使用tasks_processor管理网络请求
2021-04-14 本文已影响0人
FredricZhu
这个框架作者是在boost::asio库的基础上做二次开发,设计得挺骚的。
服务器和客户端都通过tasks_processor来启动和调度。如果加上io_service的多线程ios::run,就可以让服务器和客户端启动的task在多线程环境中执行。
加上timer_task这种调度任务后,可以使用boost::asio::deadline_timer来设定哪种任务先执行,哪种任务后执行,延迟到什么时候。
如果是标准的实时通信操作的话,客户端和服务器都应该写成一个
class tcp_client: public boost::enable_shared_from_this<tcp_client> 类似这样的类。

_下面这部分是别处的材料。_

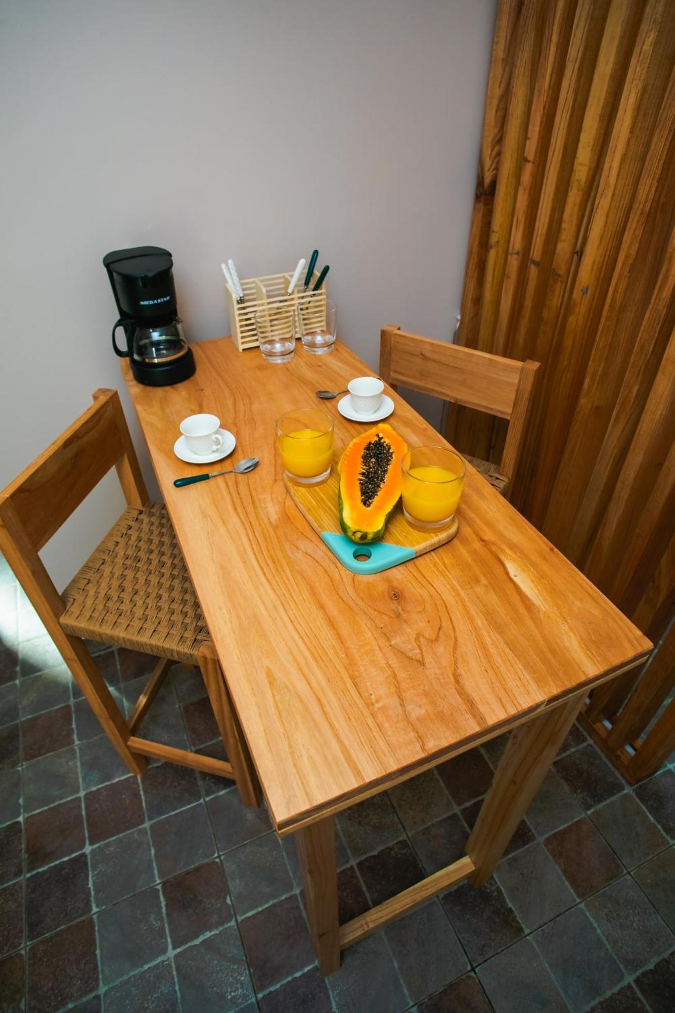 Et le petit déjeuner qui est déjà mis dans la chambre avec un jus de fruit
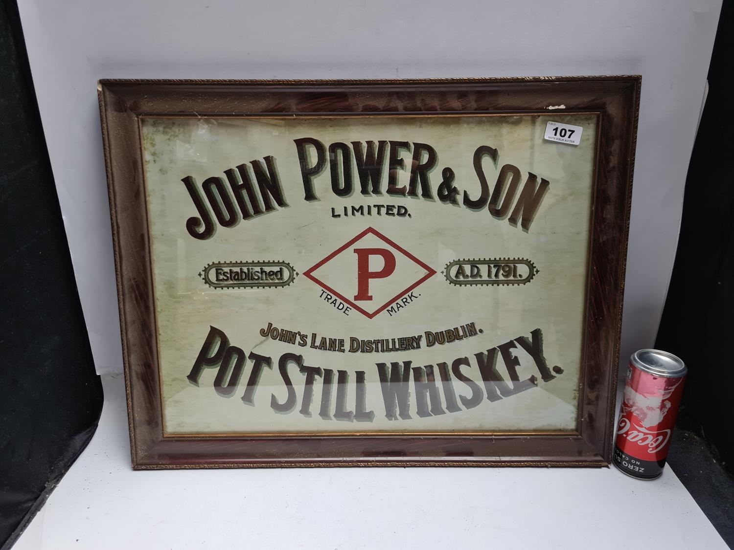 John Power and son, Pot Still Whiskey. Facsimile Whiskey poster with antique frame.
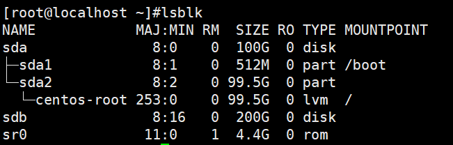 重启虚拟机,使用lsblk命令确认磁盘是否加载成功
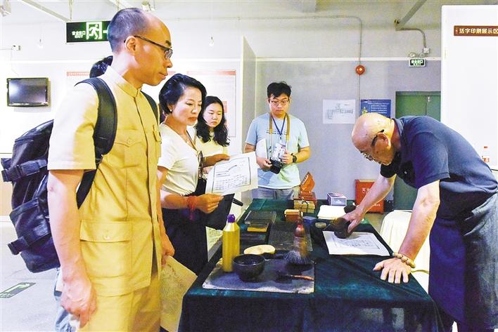 力嘉创意文化产业园分会场现场为来宾拓印文化创意图案。
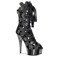 スチレットヒール 6 インチ (15.2 cm)、1 3/4 インチ (4.5 cm) プラットフォームのぞき見つま先サンダル ブーティー カットアウト ディテールとラインス トーンで装飾された上、上の完全なバック ジッパー(PF Boot w/RS)
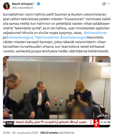 Masih Alinejad 26.09. 2026: Surreal: Iran’s regime covered the legs of Finland & Sweden’s foreign ministers on State TV, afraid their men would be “tempted.” Can we all agree: when a regime needs to hide women’s ankles to keep men from ‘sinning,’ they’re not a government, they’re a frat house of horny ayatollahs? I have a quick question to you dear @elinavaltonen and @mariastenergard. Negotiate with these men? The same ones who see a female minister’s ankle as a national-security threat while women at home face lashes, imprisonment, and even execution for refusing their rules.
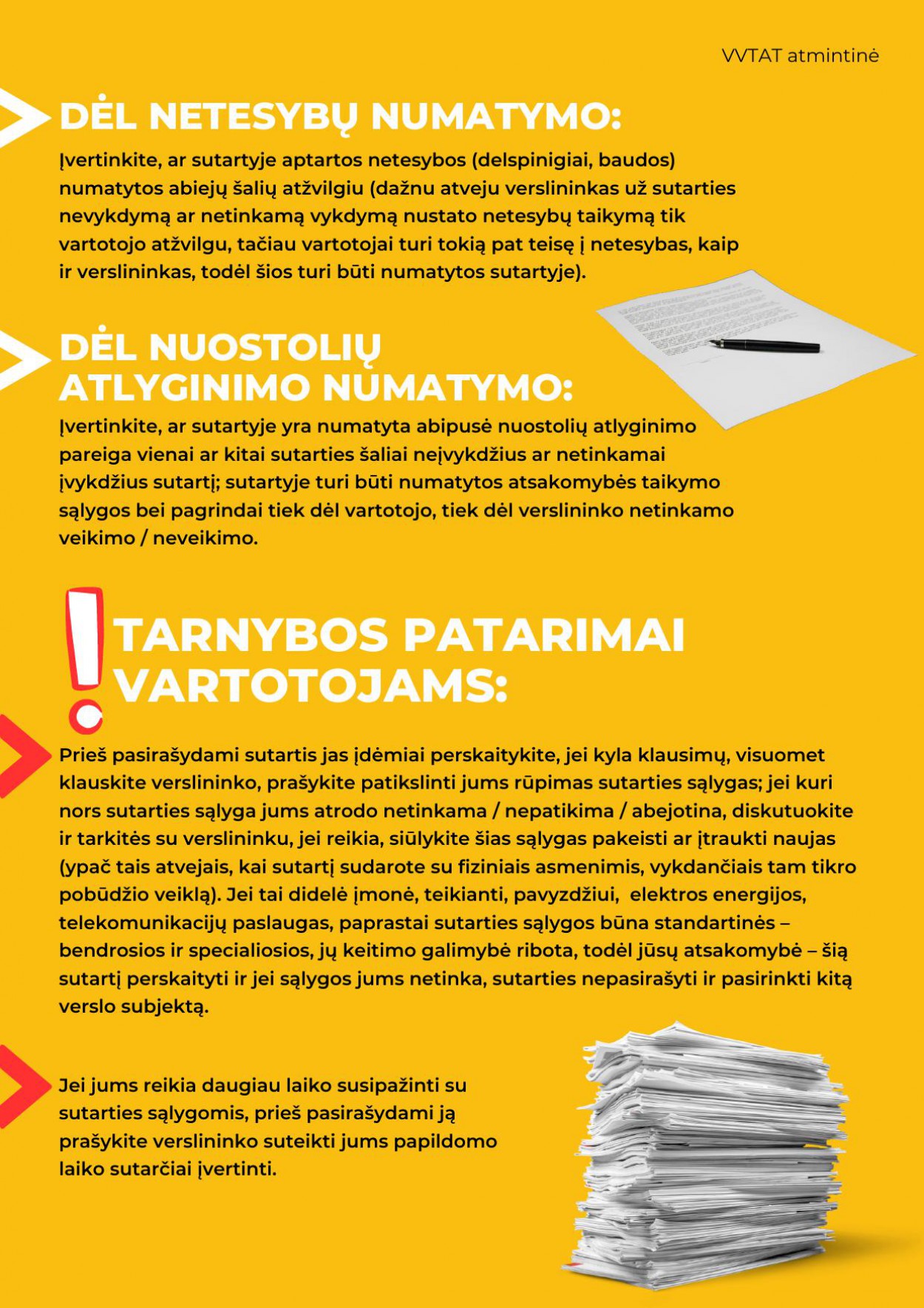 Valstybinei vartotojų teisių apsaugos tarnybai (VVTAT) nagrinėjant vartotojų prašymus išnagrinėti vartojimo ginčus ne teismo tvarka, atkreipiamas dėmesys, kokios yra vienos labiausiai pastebimos spragos prieš pasirašant sutartis:
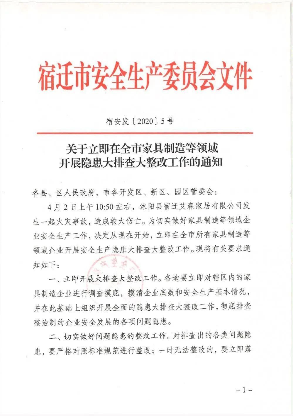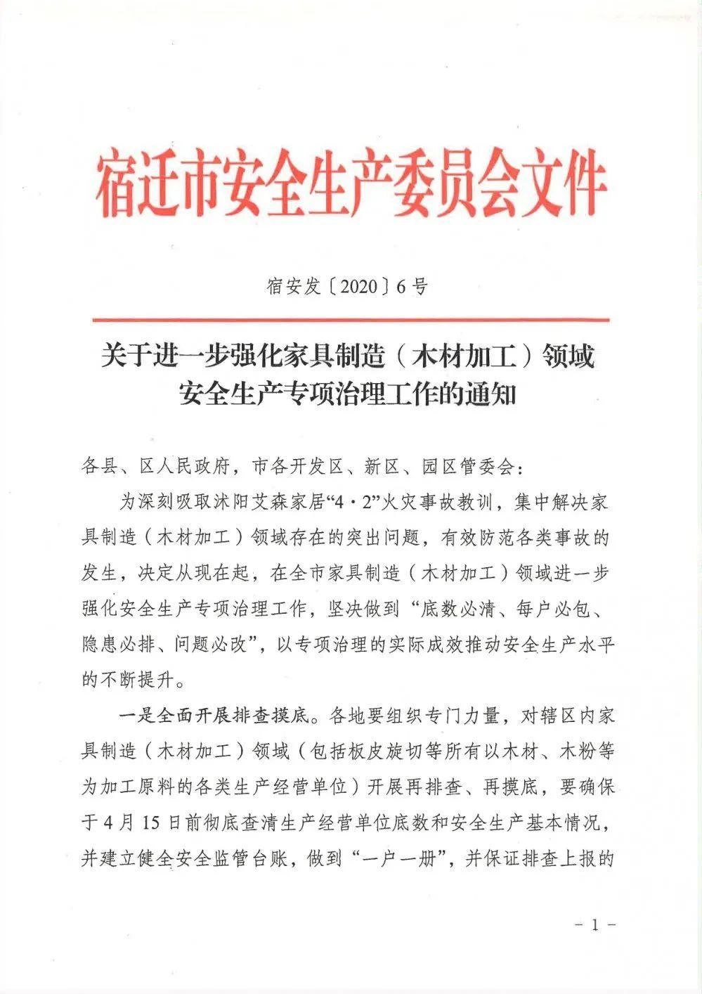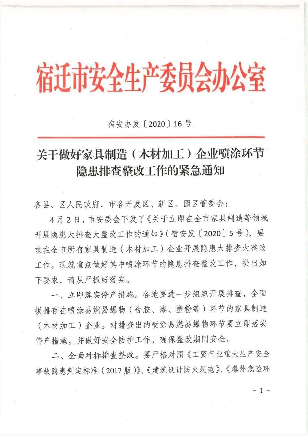 宿遷安監消息:近日,宿遷市安委會連續發出5號、6號文件,安委辦發出16號文件,要求開展專項治理。安委辦16號文件特別提出要重點做好家具制造噴涂環節的隱患排查整改工作。

这样才便于持续操作。参考authorizer服务器的写法就可以。
当然认证服务器,写到作者这个样子就可以,毕竟只是一个demo,而且也不用在内存中保存历史认证信息,认证一次就够了。
没时间画类图了,直接上代码,
代码结构,
图片.png
CMakeLists.txt
cmake_minimum_required(VERSION 2.6)
project(lexical_cast)
add_definitions(-std=c++14)
include_directories("/usr/local/include")
link_directories("/usr/local/lib")
file( GLOB APP_SOURCES ${CMAKE_CURRENT_SOURCE_DIR}/*.cpp)

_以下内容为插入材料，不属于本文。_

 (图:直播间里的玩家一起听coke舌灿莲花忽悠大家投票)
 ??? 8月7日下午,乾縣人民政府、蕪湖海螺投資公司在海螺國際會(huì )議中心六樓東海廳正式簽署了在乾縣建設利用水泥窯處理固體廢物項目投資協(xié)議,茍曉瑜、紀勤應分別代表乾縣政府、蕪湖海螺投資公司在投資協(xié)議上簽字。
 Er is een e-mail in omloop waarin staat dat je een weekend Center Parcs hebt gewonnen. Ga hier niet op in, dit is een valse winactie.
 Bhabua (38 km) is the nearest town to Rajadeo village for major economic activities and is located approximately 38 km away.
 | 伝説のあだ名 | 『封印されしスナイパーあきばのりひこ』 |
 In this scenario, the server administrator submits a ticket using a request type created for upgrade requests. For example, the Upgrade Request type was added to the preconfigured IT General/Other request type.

foreach( sourcefile ${APP_SOURCES} )
file(RELATIVE_PATH filename ${CMAKE_CURRENT_SOURCE_DIR} ${sourcefile})
string(REPLACE ".cpp" "" file ${filename})
add_executable(${file} ${sourcefile})
target_link_libraries(${file} boost_filesystem boost_thread boost_system boost_serialization pthread boost_chrono)
endforeach( sourcefile ${APP_SOURCES} )
main.cpp
#include "utils/tasks_processor_network.hpp"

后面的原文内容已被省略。